__The problem__.
The line containing "- Brass Drop" marks the end: extract everything from the first line of the data through that line, exactly, with no pictures.

__Exercise data__.
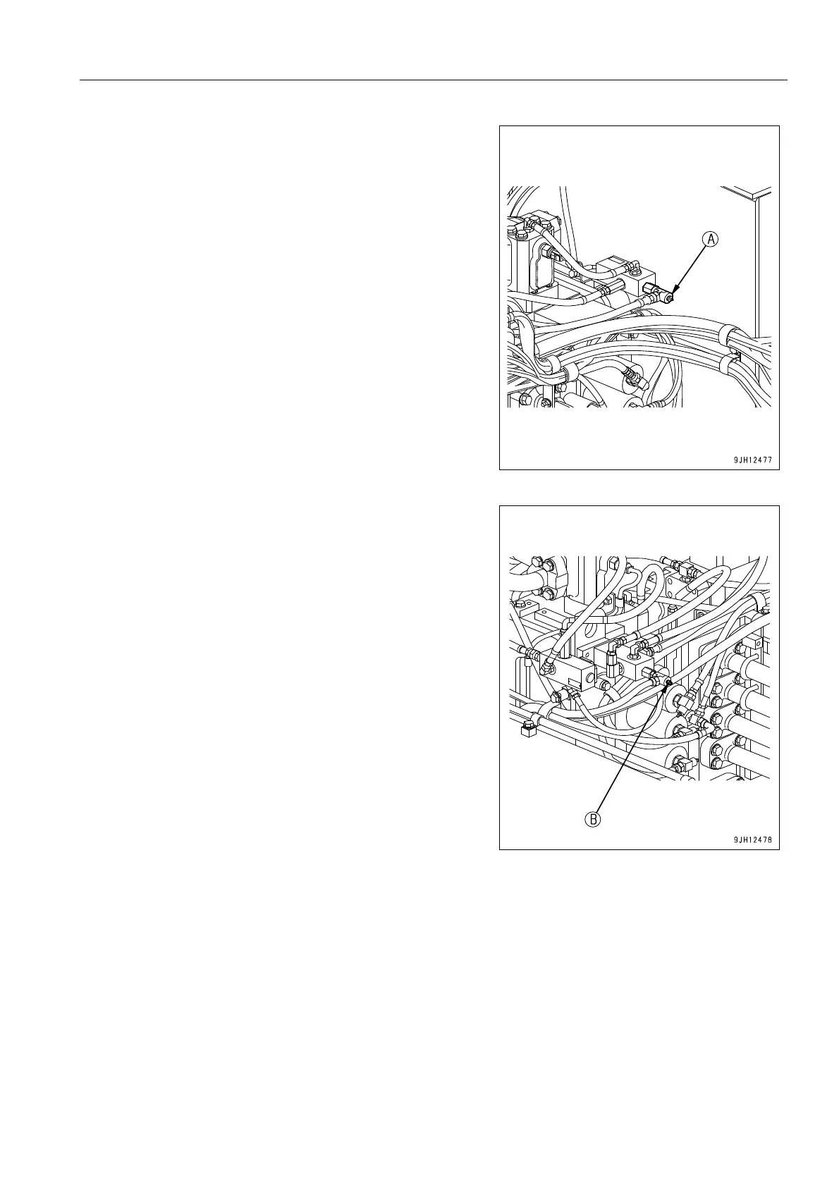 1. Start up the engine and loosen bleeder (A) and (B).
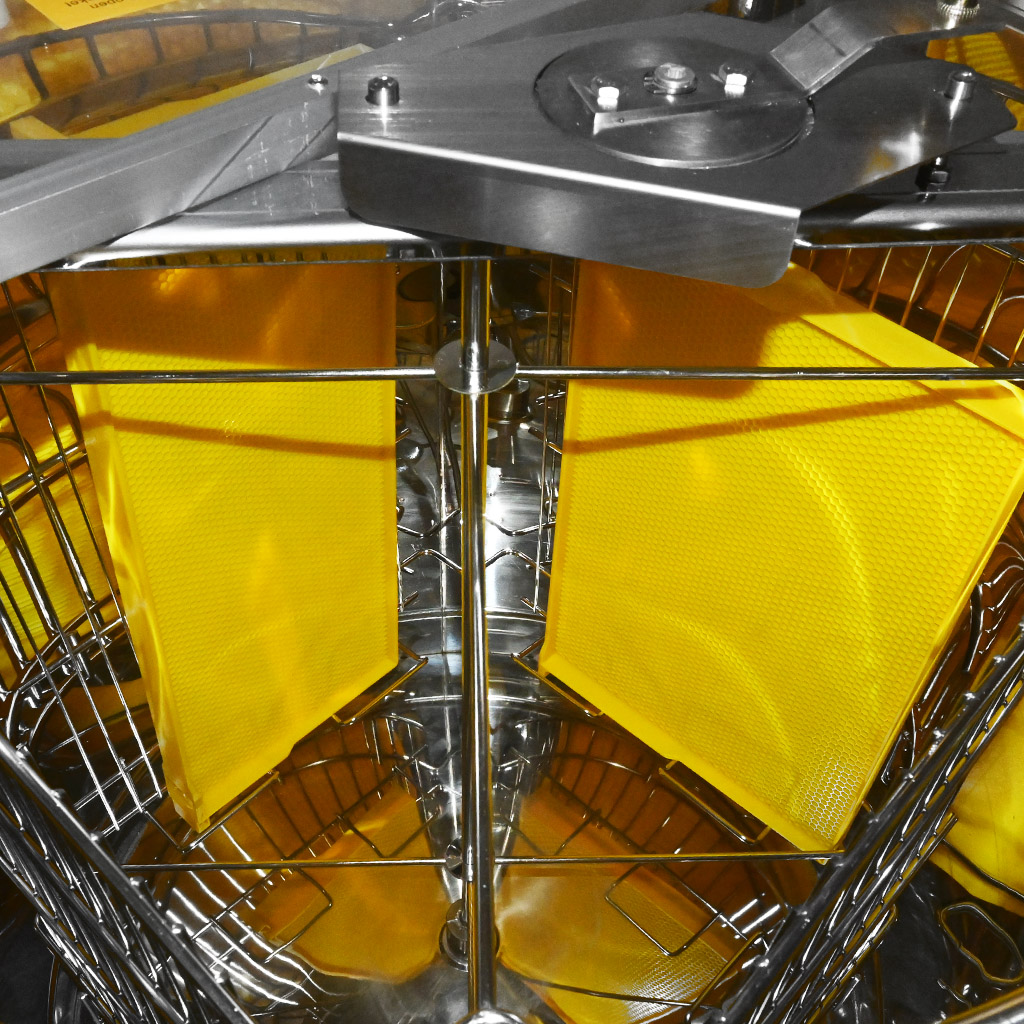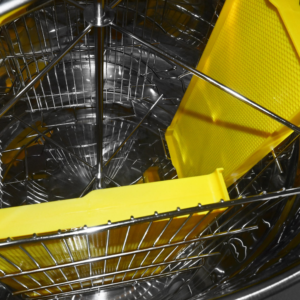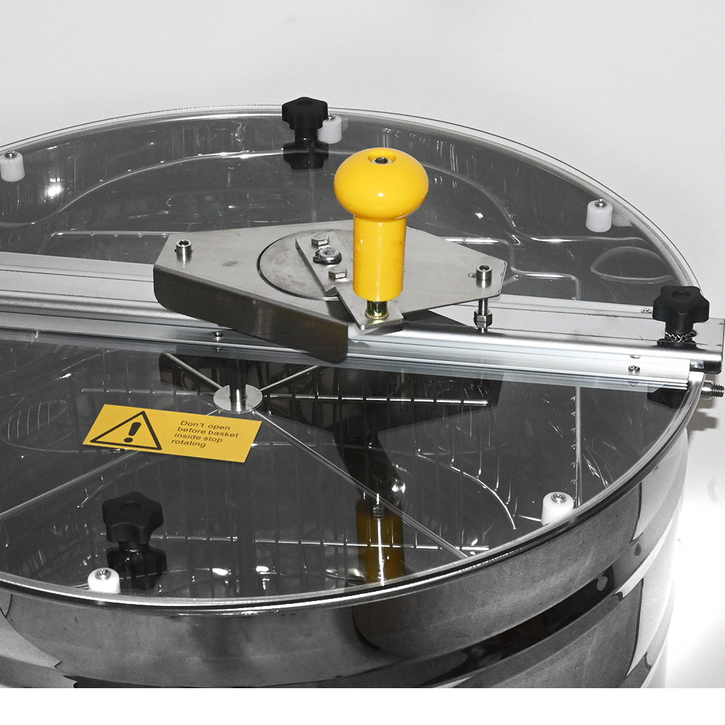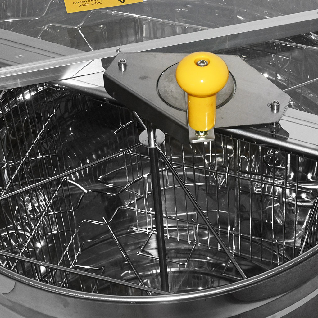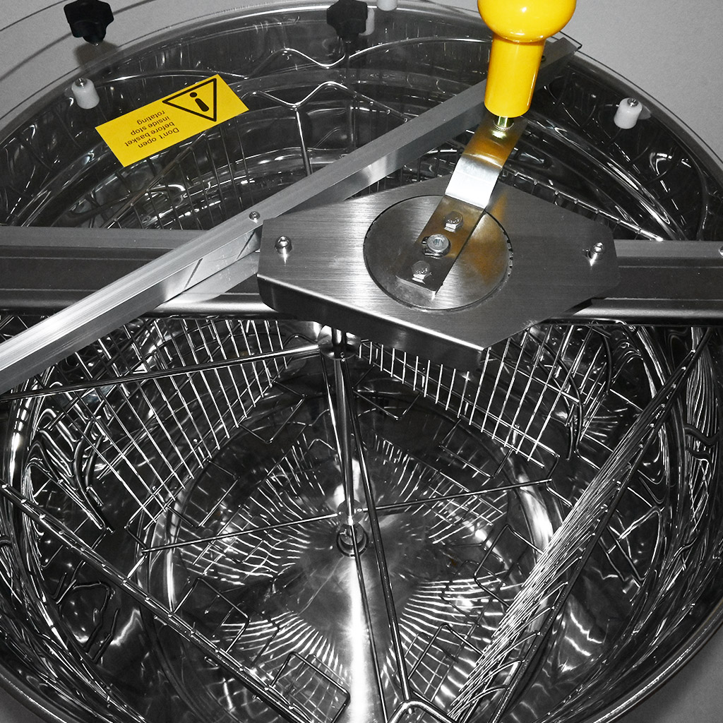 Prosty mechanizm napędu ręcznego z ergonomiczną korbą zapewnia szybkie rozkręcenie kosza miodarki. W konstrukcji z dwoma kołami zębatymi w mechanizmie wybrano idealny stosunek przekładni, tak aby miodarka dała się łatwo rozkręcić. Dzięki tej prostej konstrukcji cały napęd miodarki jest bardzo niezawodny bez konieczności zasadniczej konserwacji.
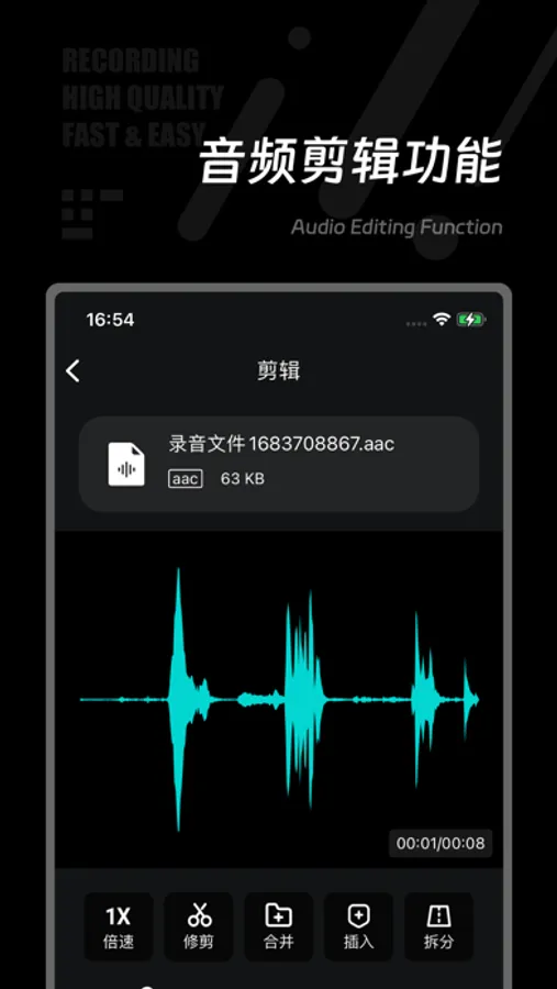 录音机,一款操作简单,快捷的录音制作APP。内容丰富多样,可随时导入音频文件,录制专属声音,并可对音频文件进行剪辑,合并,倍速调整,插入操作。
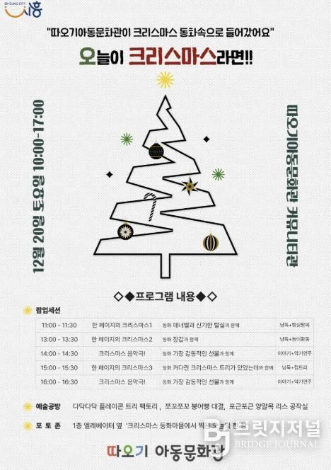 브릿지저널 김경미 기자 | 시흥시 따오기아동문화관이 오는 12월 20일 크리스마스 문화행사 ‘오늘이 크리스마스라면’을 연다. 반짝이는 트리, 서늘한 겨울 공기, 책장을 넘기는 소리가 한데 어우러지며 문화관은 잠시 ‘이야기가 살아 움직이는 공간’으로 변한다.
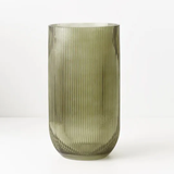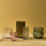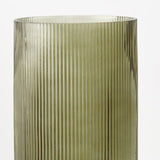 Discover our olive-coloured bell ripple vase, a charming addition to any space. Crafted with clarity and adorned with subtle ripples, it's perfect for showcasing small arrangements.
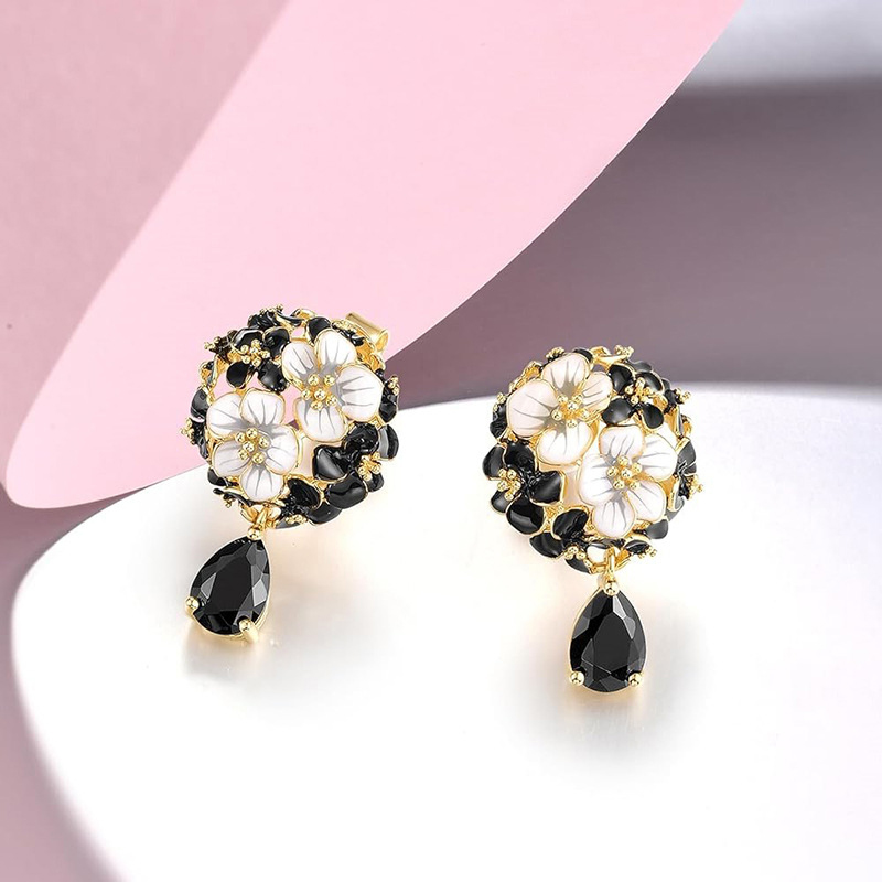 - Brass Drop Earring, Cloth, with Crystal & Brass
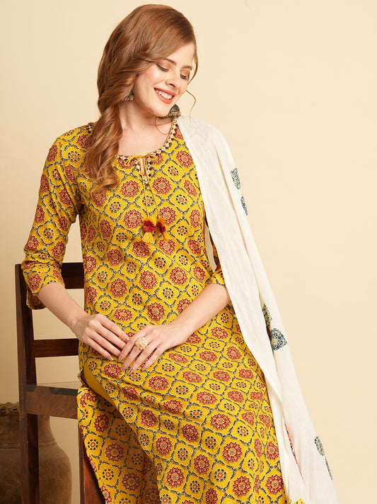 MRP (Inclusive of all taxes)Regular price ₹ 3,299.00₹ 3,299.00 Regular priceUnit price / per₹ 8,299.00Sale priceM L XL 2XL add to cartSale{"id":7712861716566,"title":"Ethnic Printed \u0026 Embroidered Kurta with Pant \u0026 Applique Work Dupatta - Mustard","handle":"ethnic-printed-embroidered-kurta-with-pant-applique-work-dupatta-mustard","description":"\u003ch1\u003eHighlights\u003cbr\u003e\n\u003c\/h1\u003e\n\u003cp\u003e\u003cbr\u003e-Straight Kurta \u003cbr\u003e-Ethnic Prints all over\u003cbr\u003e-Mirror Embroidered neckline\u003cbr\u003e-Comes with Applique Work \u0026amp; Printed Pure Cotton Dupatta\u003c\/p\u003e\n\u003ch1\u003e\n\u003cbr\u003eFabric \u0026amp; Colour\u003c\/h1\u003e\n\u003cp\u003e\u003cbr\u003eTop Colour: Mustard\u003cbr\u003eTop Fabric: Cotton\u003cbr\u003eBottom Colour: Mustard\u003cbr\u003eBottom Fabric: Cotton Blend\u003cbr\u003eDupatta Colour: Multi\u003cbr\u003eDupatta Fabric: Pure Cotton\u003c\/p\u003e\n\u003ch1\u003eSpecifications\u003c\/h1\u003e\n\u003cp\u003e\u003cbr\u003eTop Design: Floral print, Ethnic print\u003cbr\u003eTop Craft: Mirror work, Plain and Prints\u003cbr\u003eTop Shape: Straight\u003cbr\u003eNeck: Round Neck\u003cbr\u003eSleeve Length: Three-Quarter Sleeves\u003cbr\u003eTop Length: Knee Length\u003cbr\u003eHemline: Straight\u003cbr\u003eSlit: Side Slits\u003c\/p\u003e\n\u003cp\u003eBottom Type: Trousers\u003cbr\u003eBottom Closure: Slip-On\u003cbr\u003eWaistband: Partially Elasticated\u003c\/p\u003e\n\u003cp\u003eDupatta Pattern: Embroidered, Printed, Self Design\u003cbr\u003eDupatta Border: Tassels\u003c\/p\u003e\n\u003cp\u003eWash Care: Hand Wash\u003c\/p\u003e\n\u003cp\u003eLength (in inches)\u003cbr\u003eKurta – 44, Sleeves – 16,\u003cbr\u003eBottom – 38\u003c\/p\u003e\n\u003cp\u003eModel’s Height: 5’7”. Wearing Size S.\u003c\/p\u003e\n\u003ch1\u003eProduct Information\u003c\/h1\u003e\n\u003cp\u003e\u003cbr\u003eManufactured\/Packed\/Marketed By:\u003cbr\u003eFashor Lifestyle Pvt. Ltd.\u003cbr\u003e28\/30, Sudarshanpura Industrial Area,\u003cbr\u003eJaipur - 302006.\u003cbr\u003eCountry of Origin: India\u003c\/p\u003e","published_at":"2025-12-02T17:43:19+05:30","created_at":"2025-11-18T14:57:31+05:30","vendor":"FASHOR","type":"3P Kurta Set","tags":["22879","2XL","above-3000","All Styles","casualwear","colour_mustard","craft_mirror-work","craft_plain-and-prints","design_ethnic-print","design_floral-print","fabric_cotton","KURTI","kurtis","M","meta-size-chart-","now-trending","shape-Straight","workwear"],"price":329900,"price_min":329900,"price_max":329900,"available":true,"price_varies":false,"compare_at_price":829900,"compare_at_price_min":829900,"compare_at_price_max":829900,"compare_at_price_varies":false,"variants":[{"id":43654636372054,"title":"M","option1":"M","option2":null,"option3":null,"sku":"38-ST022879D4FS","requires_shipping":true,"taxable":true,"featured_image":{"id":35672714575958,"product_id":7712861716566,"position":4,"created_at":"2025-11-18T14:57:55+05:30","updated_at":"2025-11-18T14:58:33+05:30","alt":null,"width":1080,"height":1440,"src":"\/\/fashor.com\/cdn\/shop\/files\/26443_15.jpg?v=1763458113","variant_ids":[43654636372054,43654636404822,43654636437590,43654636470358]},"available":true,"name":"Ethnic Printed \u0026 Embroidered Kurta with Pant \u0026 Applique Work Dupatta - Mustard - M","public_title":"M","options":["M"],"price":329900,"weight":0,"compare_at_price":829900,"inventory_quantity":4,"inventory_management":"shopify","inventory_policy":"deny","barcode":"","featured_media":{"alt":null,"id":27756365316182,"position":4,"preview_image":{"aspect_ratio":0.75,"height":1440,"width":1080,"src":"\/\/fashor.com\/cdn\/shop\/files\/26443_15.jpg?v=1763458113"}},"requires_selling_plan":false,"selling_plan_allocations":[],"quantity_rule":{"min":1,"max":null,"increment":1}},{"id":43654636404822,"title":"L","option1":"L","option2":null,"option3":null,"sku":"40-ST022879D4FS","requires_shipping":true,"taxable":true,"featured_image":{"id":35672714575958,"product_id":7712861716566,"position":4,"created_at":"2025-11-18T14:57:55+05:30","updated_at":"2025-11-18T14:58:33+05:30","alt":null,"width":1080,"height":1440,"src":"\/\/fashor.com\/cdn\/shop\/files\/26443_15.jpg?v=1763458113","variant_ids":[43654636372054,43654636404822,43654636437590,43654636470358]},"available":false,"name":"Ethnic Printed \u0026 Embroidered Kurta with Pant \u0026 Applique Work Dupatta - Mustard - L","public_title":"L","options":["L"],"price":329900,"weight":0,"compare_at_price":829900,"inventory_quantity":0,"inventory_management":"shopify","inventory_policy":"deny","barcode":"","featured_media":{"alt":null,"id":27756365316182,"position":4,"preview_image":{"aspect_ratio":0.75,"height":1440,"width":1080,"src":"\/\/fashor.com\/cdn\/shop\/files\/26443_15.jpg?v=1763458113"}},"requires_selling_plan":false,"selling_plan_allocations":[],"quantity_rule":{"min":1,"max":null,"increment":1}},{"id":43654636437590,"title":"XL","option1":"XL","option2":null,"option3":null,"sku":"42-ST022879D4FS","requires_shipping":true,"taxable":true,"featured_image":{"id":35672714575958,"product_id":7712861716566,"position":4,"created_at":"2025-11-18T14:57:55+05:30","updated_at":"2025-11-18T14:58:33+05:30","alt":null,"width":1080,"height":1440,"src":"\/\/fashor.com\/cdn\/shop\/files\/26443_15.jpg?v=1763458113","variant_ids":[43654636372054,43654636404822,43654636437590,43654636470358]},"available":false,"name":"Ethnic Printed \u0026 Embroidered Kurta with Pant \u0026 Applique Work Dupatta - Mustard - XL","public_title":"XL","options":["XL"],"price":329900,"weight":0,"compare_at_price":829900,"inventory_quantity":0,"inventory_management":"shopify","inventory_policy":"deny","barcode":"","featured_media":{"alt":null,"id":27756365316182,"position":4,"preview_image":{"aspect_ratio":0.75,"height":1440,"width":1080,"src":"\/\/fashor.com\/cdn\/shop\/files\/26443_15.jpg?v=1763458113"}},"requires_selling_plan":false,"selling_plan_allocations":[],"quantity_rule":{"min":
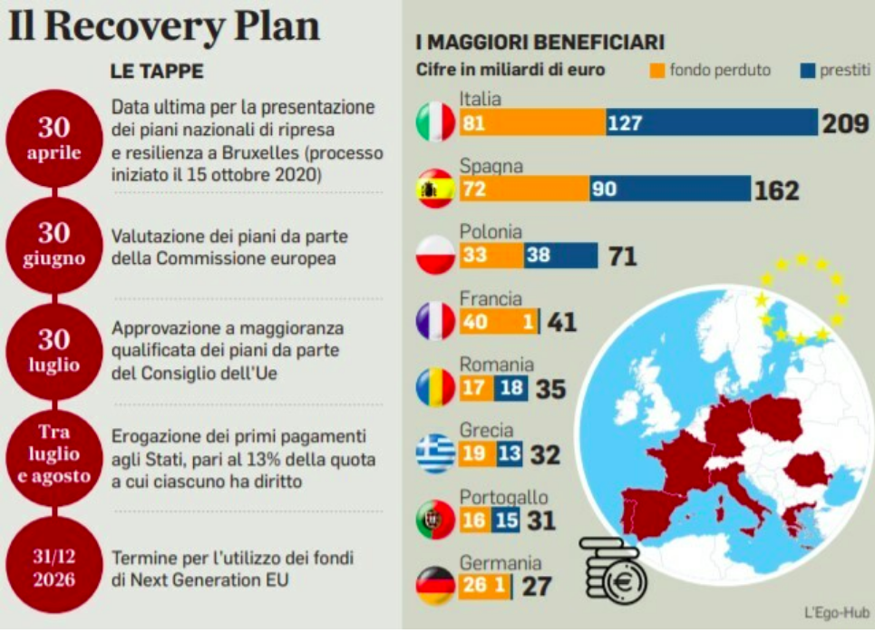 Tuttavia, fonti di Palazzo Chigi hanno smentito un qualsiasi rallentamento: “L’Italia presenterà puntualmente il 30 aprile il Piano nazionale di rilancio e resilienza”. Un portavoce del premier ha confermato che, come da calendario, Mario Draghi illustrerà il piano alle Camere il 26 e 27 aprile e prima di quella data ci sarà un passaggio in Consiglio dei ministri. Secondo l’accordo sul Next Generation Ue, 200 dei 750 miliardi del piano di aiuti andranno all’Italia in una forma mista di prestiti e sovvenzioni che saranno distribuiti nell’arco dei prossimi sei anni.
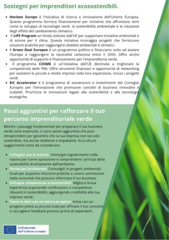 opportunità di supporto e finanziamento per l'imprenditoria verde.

__Response to the task__.
 1. Start up the engine and loosen bleeder (A) and (B).
 Prosty mechanizm napędu ręcznego z ergonomiczną korbą zapewnia szybkie rozkręcenie kosza miodarki. W konstrukcji z dwoma kołami zębatymi w mechanizmie wybrano idealny stosunek przekładni, tak aby miodarka dała się łatwo rozkręcić. Dzięki tej prostej konstrukcji cały napęd miodarki jest bardzo niezawodny bez konieczności zasadniczej konserwacji.
 录音机,一款操作简单,快捷的录音制作APP。内容丰富多样,可随时导入音频文件,录制专属声音,并可对音频文件进行剪辑,合并,倍速调整,插入操作。
 브릿지저널 김경미 기자 | 시흥시 따오기아동문화관이 오는 12월 20일 크리스마스 문화행사 ‘오늘이 크리스마스라면’을 연다. 반짝이는 트리, 서늘한 겨울 공기, 책장을 넘기는 소리가 한데 어우러지며 문화관은 잠시 ‘이야기가 살아 움직이는 공간’으로 변한다.
 Discover our olive-coloured bell ripple vase, a charming addition to any space. Crafted with clarity and adorned with subtle ripples, it's perfect for showcasing small arrangements.
 - Brass Drop Earring, Cloth, with Crystal & Brass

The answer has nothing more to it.